Thursday, April 1, 2010

"A Journey of a Thousand Miles...

Begins with a single step."


So often I hear people say, "I've always wanted to write a book, but I just don't have time." Or "I don't know how." Or (insert excuse/reason here). My advice? Take that first step. And then another. And another. Devote just thirty minutes before bed to it, instead of watching that sitcom. Read books like the one you want to write, so you understand what's out there, why yours is different and what you have to offer. Find a class or a critique group to help you and motivate you. Sit down, and start typing. Sure, taking steps into the unknown is scary and oftentimes hard. You might land in a mud puddle, or twist your ankle, or get stung by a scorpion or something (hey, I'm trying to be philosophical), but don't give up. Don't quit moving forward, because you never know which step is going to be the one that will propel you to your goal. Even the painful steps have meaning. When you do reach your goal, it will feel that much sweeter.


I first started writing books when I was in second grade (or at least those are the first ones I can remember writing), so I've been writing for a while. I still have my Little Mermaid notebook that I wrote them in. Not too many of my "early works" were fairy tales though, despite the cover of my notebook. I was a... precocious child. I'm sure my parents would agree. I wrote a story about a girl whose mom had a premature baby. There may have even been a "to scale" drawing of how big the baby would be. Also, it may have been written when my mom was six months pregnant with one of my sisters. I'm sure my story was very comforting to her.
Anyway, the point is, I started early. However, that doesn't really matter. Whether you are eight, or eighteen, thirty, fifty, or eighty--if you have a story you've been wanting to write--I say start now.

None of us can change our pasts, but we have absolute power to influence the course of our future.

On the hardest days of this journey, I would tell my hubby, "I wish I didn't care so much. I wish that I could quit, and have it not matter." That might not make much sense, so let me try to explain. Even in my darkest moments of self-doubt and frustration, I knew I didn't have it in me to quit. I wanted it too much. Even if I felt like it right then, I knew that within a few hours, or maybe a few days, I would be back at the computer revising my book, or reworking my query, maybe just sending more out, or deciding it was time to work on a new project to give me hope for the future. I couldn't quit, because I didn't want to be fifty, or eighty, and think "What if?"


"What if I hadn't quit?"


"What if I would have sent out another round of queries?"


"What if I would have written just one more book, and that would have been the one?"

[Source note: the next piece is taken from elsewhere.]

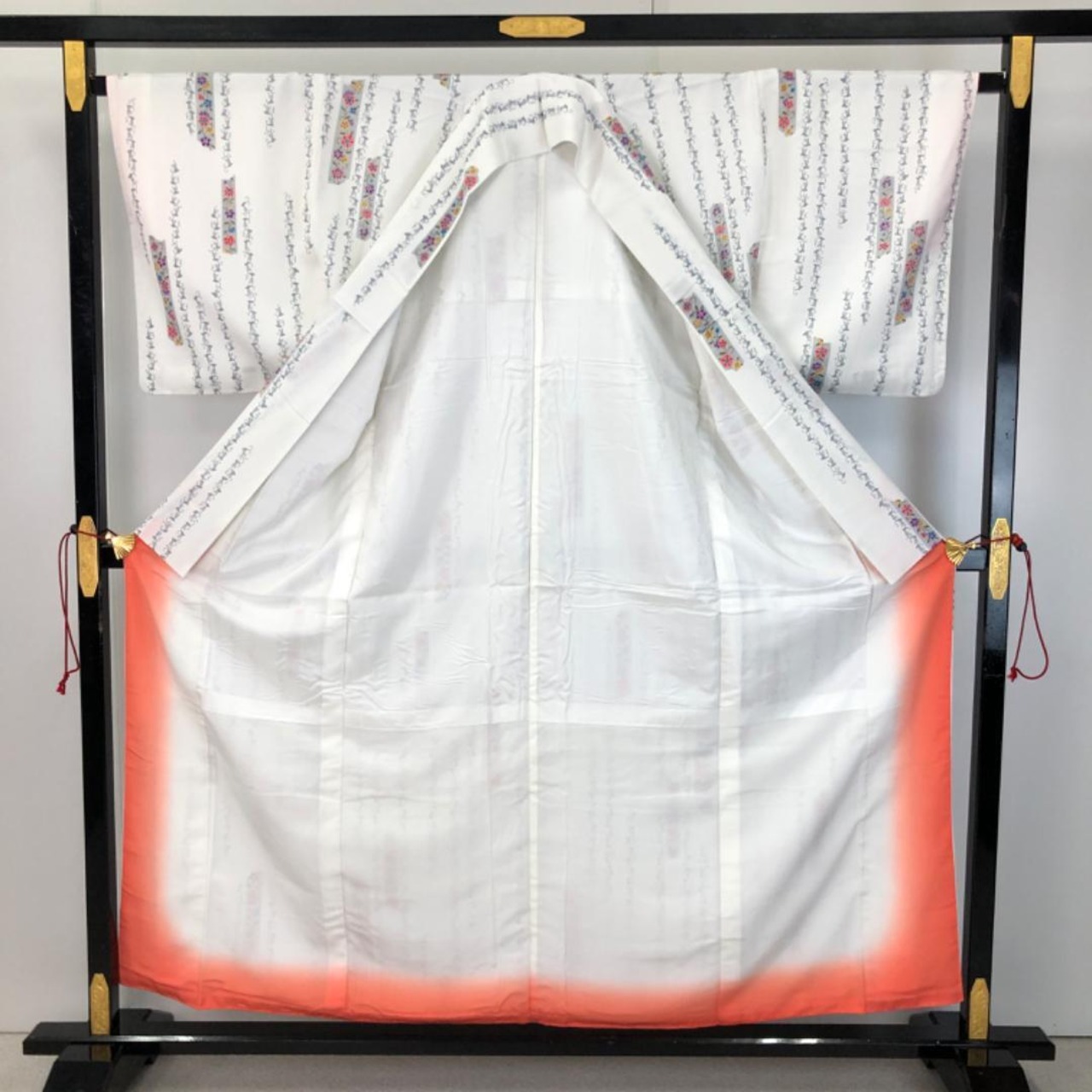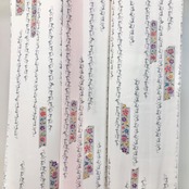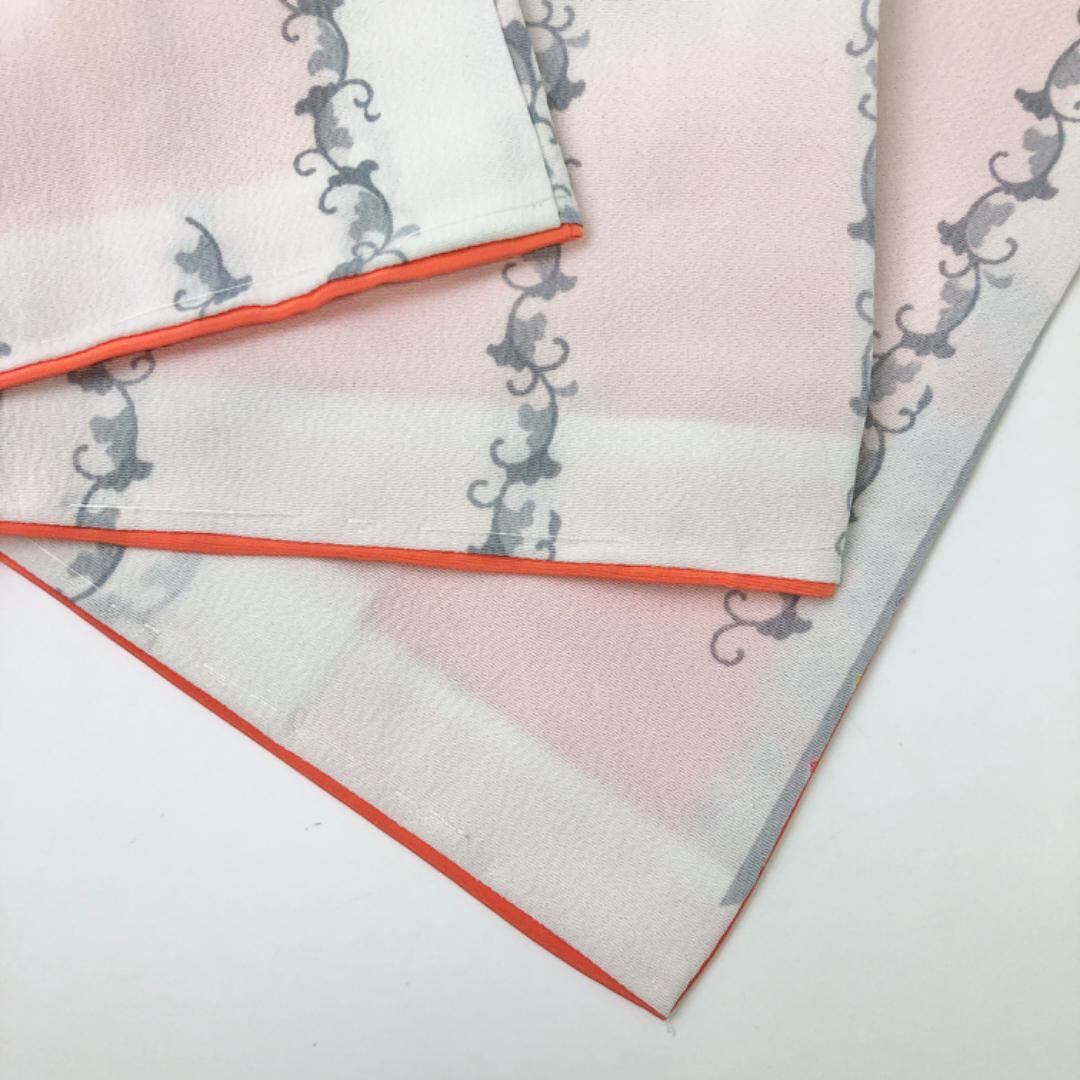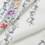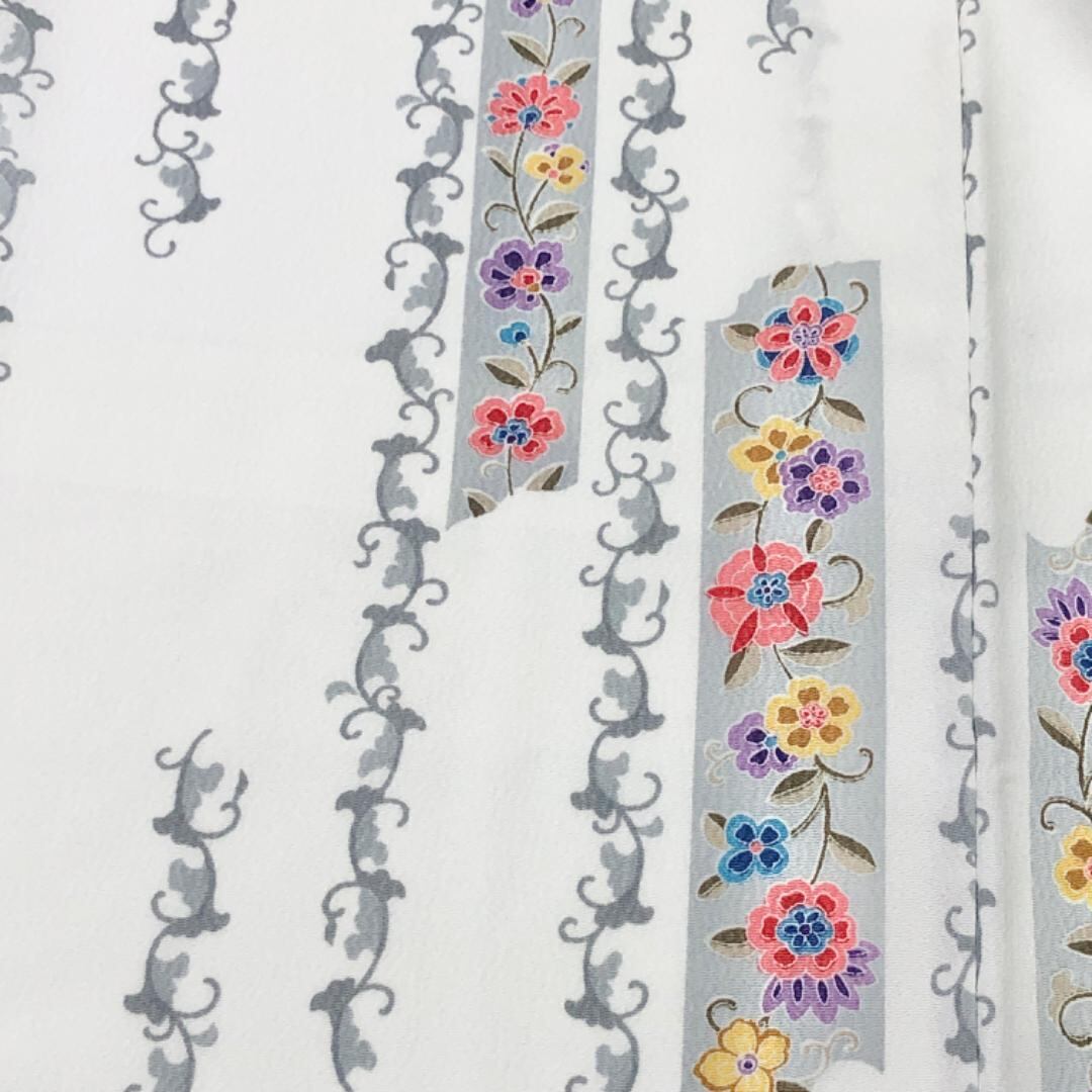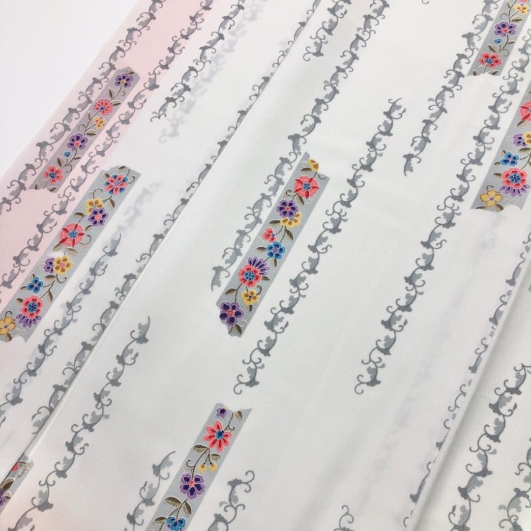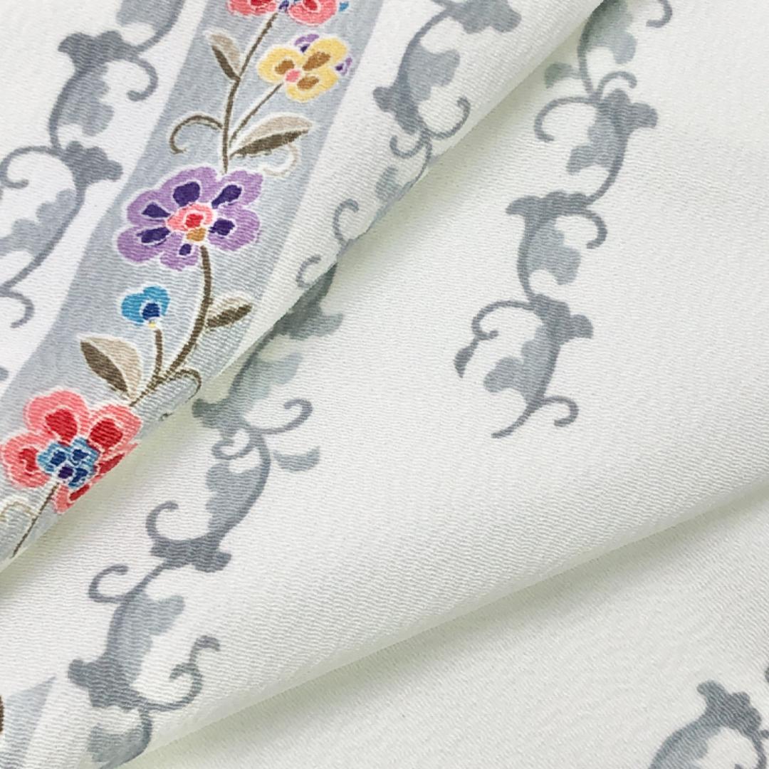 白色のお色味の縮緬地に縦柄の花唐草模様の柄裄がデザインされた素敵なお品でございます。

I persevered and I finally reached the first major milestone of this business. I have an agent.
Good thing I didn't quit in February when I thought about it again...


Take that first step, and see where it leads you.

5 comments:

Elana Johnson said...

Yes! This is exactly the advice many people need. Take that first step! Thanks for the inspiration. I need to take a first step today. :)

Carolyn V. said...

Excellent advice Sara! I would hate to live with the What if? Great post. =)

Melony said...

The "What If?" is what keeps me going day after day, month after month and rejection after rejection! It's all I've got sometimes. but thankfully it's enough! Thanks Sara! So true!

Sara B. Larson said...

Elana: I have definitely needed to take my own advice for sure. And it doesn't end, does it? We have to keep taking those first steps.

Carolyn: I know, "What if" is a horrible question, isn't it?

Melony: I'm glad you're still going. Keep it up!

lisa and laura said...

I absolutely love this advice! If you don't give it your all, you'll never know what COULD have happened!